200537175 V. Description of the invention (9) All sides have protrusion changes, and also covers the case where the light-shielding part of the photomask is oval or round. At this time, the plural protrusions only exist in the oval-shaped or round light-shielding part. Part of the periphery. The light-shielding part of the polygonal mask pattern of the mask used for making oblique reflection protrusions of the present invention can have multiple protrusions on the multiple sides, wherein the protrusion interval or length of at least one side can be smaller than the protrusion interval or length of the other sides. . The mask used for making oblique reflection protrusions of the present invention can have the same length and interval between the plurality of protrusions of the light shielding portion of the polygonal mask pattern, and its width is larger in the middle of the side and smaller in both sides of the side.

According to the present invention, a plurality of protrusions of a light-shielding portion of a polygonal mask pattern of a mask used for making oblique reflection protrusions can be changed to a plurality of light-transmitting patterns according to the spirit of the present invention, that is, the light-shielding portion of the mask is an integrally formed structure. At least one side of the light-shielding part is provided with a plurality of light-transmitting patterns such as a plurality of light-transmitting points and light-transmitting blocks (refer to the seventeenth figure. The light-transmitting pattern is circular, the diameter is 5 to 5 / zm, and the size is the same. In the embodiment, the number of circular light-transmitting patterns is less in the middle of the side of the light-shielding portion of the mask pattern, and more in the two sides of the side. This embodiment can also achieve the effect of the foregoing embodiment of the present invention.

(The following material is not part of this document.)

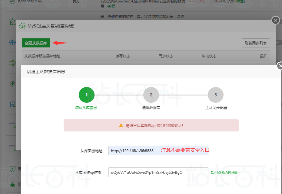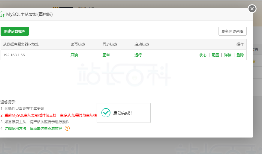 - 在第一次添加同步数据库时,会触发MySQL重启。因为创建主从设置需要修改MySQL配置文件,修改配置文件后需要通过重启MySQL才能重新加载新的配置。

The polygonal mask pattern of the mask used for making oblique reflection protrusions according to the present invention can be changed into a three-area arrangement according to the spirit of the present invention. The middle region is the exposure intensity transition region and the translucent region. The two areas on one side are a light shielding area and a transparent area. The transparency of the translucent area gradually decreases from the light-transmitting area to the light-shielding area; in another embodiment, 'the intermediate area is a light-shielding area with a plurality of light-transmitting points; in another embodiment, the three areas are A whole whose transparency is from side to side

Page 15 200537175

5. Description of the invention (10) Gradually decreases. The light-shielding portion of the polygonal light-shielding pattern of the mask used for making oblique reflection protrusions of the present invention can be changed / shaped according to the spirit and actual needs of the present invention, and the plurality of protrusions on it can also be changed into irregularly arranged shapes. The system is irregular to achieve uniform reflection of light around the teeth / deep in all directions.

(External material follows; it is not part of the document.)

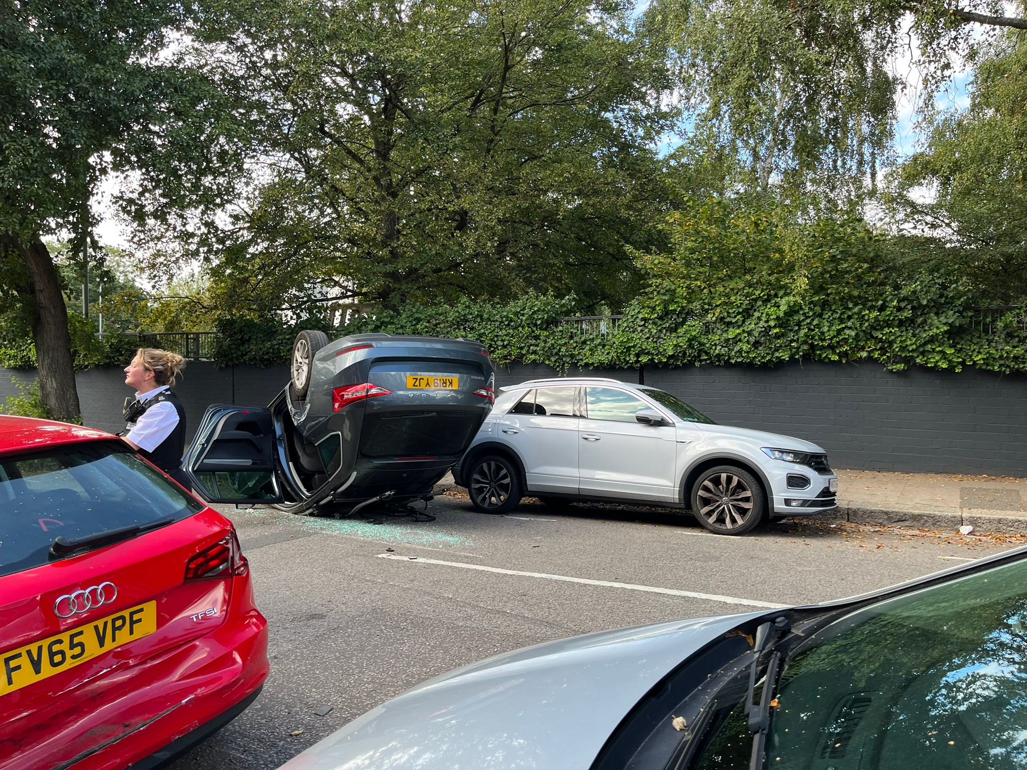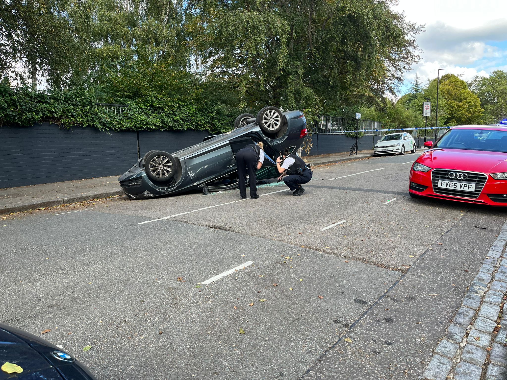 Olay yerine gelen polis ekiplerinin verdiği bilgiye göre kimliği belirsiz kişi yada kişiler Tufnell Park yakınlarında Oakford Road caddesinde çaldıkları otomobil ile kaza yaptı. Bölgede bulunan bir ilkokul önünde takla atan araçtaki kişi yada kişiler çalıntı aracı olay yerinde bırakarak yaya olarak kaçtı.

The viewing angle of the liquid crystal display using the reflective projections is made by μ w I L _ ingenious effect. It is difficult to overcome the problem that the reflective bumps made by the prior art are multi-directional and wide-phase. ^ See the defect of uniformly reflecting light at an angle. 0. In the manufacturing process of the inclined reflective bumps of the present invention, the photosensitive material layer can

It is negative, and correspondingly, the light-shielding part of the mask pattern used by the mask is transparent. The sting and the photosensitive material layer are positive, and the light-shielding portion and the light-transmitting portion corresponding to the aforementioned mask are exchanged.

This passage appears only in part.